EFFECTS OF CALCIUM DEFICIENCY ON NITRATE ABSORPTION AND ON METABOLISM IN TOMATO

Abstract

The upper parts of the tops of Ca-deficient tomato plants were yellow and the lower leaves and stems were fairly green. (In a deficiency of N, P, or K respectively, the lower portion of the plant is yellowish, but the upper leaves and stem remain green.) The roots were characteristically short, bulbous and brown at the tips, with sloughing off of cells further back. Ca-deficient tomato plants under the seasonal light conditions of the greenhouse were practically unable to absorb or assimilate nitrates although they absorbed Ca instantly. The plants which lacked Ca accumulated carbohydrates in large quantities, apparently because absorption and assimilation of nitrates did not take place. Translocation of sugars and digestion of starch took place freely. Nearly 100% of the Ca of fresh tissue of the Ca-deficient plants was water-insoluble and most of it was located in older tissues of roots and tops. (In a deficiency of N, P, or K, respectively, the highest concentration of the deficient elements is in young embryonic tissues.) In Ca-deficient tomato plants, utilization of Ca oxalate and re-utilization of combined Ca took place, but so slowly that root and stem tips died while there were yet heavy deposits of Ca oxalate and a high concentration of combined Ca in older tissues.

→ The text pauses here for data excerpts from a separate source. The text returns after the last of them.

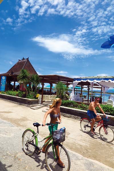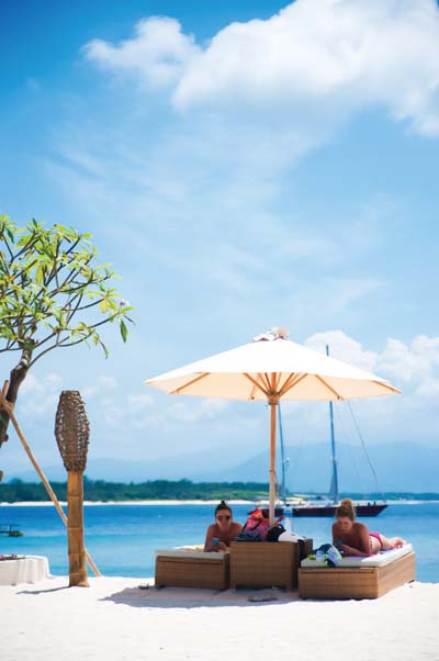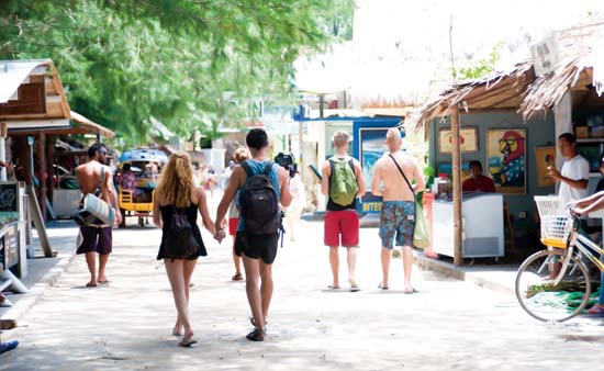 굳이 비교를 하자면, 몰디브와 보라카이를 섞어놓은 듯한 분위기다. 그 어떤 에메랄드빛을 상상하건 그 이상으로 아름다운 빛깔을 뿜어내는 바다와 티셔츠 한 장을 걸쳐도 모델 같은 유럽 여행객들이 일광욕을 즐기는 화보의 한 장면을 떠올리면 바로 정답이다. 실제 길리를 찾는 여행자의 80%는 유러피언들이다. 작고 예쁜 카페, 바, 클럽, 레스토랑이 섬 주변을 따라 끝없이 이어진다. 젊음과 멋이 빵빵 터진다. 흥분은 그저 필연이다.
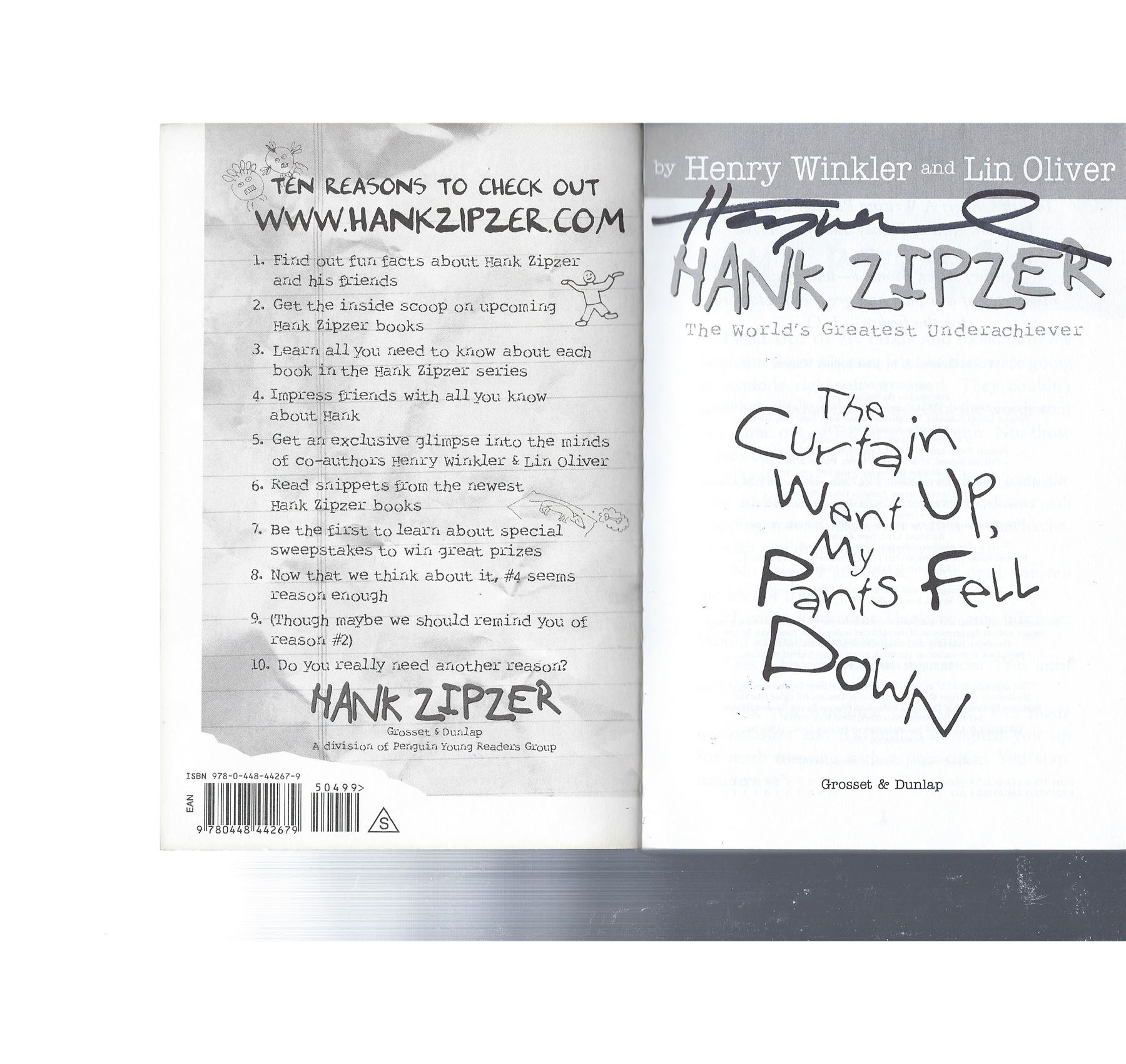 Hank Zipzer; The World's Greatest Underachieve: The Curtain Went Up, My Pants Went Down signed book autographed by Henry Winkler
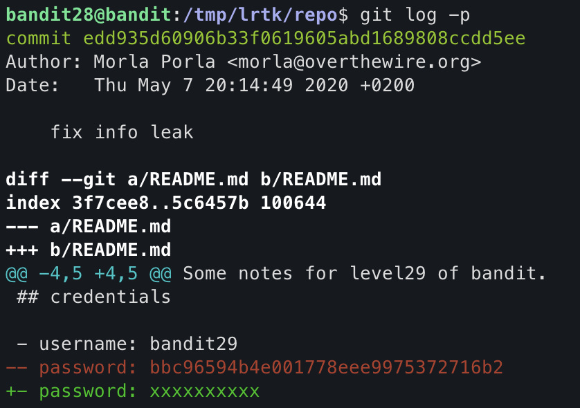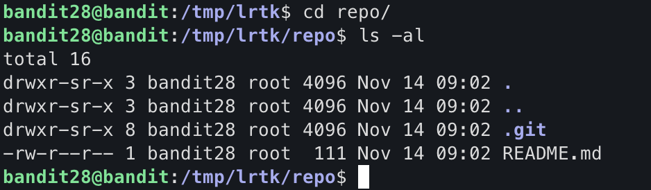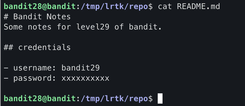 There is a git repository atssh://bandit28-git@localhost/home/bandit28-git/repo. The password for the userbandit28-gitis the same as for the userbandit28.
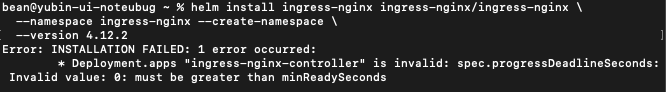 progressDeadlineSeconds: 0으로 설정되어서 Kubernetes에서 거부당함
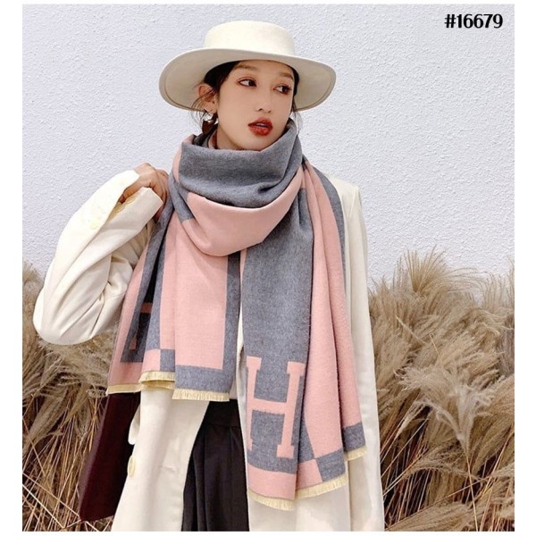 • 에르메스 H 울 자카드 프린지 판쵸 머플러 국내배송
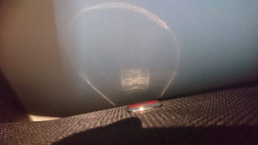 Ja, vad ska jag säga? Kunde inte låta bli att fascineras av denna reflekterande bild av märket på min handbagage väska. Inget märkvärdigt egentligen men jag kom på mig själv med att sitta och glo på den ur alla möjliga vinklar. Då blev den värd att fotas.
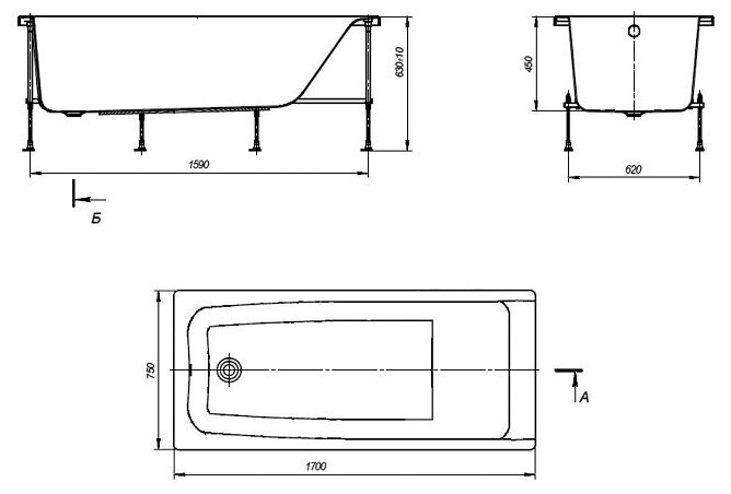 ART&MAX Акриловая ванна ART&MAX AM-218-1700-750 отдельностоящая
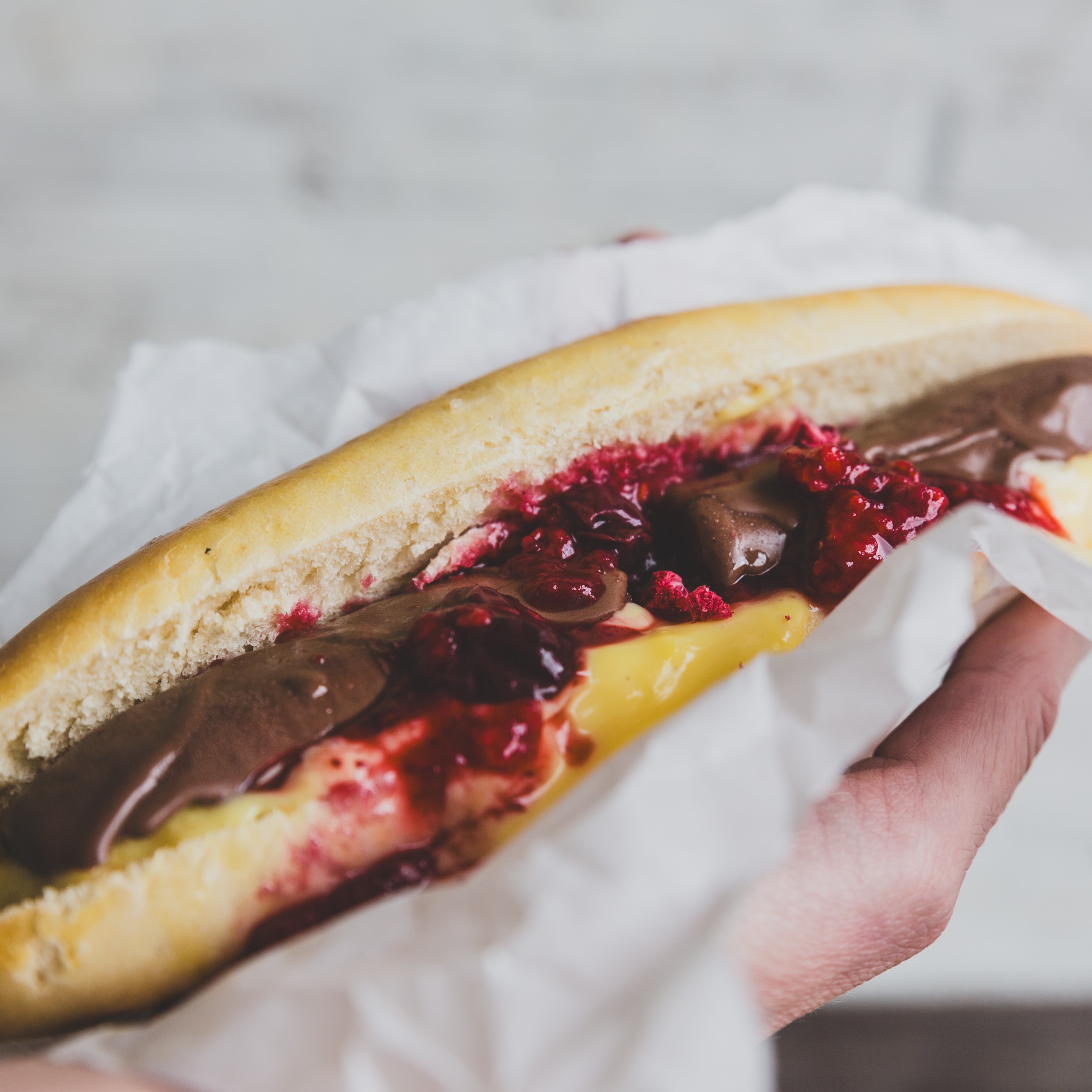 Der Kuchen wird einmal umgedreht, damit die glatte Seite oben liegt. Diese wird mit zwei Esslöffel Erdbeermarmelade bestrichen.

In Ca-deficient plants that were shaded or placed in continuous darkness for several days, there was a decrease in carbohydrates, associated with proteolysis and a noticeable increase in uncombined Ca and a diminished concentration of combined Ca. Accompanying proteolysis and increase in uncombined Ca there was rapid formation of new stem tissue and absorption of nitrates, even though there was no external supply of Ca available. Darkness treatment of Ca-deficient plants, and shift from minus- to plus-Ca nutrient, are apparently in certain respects similar in principle and effect. In both cases there is made available uncombined Ca for combination with newly formed proteins or other materials. A supply of amino acids for formation of new proteins of meristems is likewise available in both instances; in the Ca-deficient plants in darkness, through proteolysis, and in the plants newly supplied with Ca, through nitrate assimilation.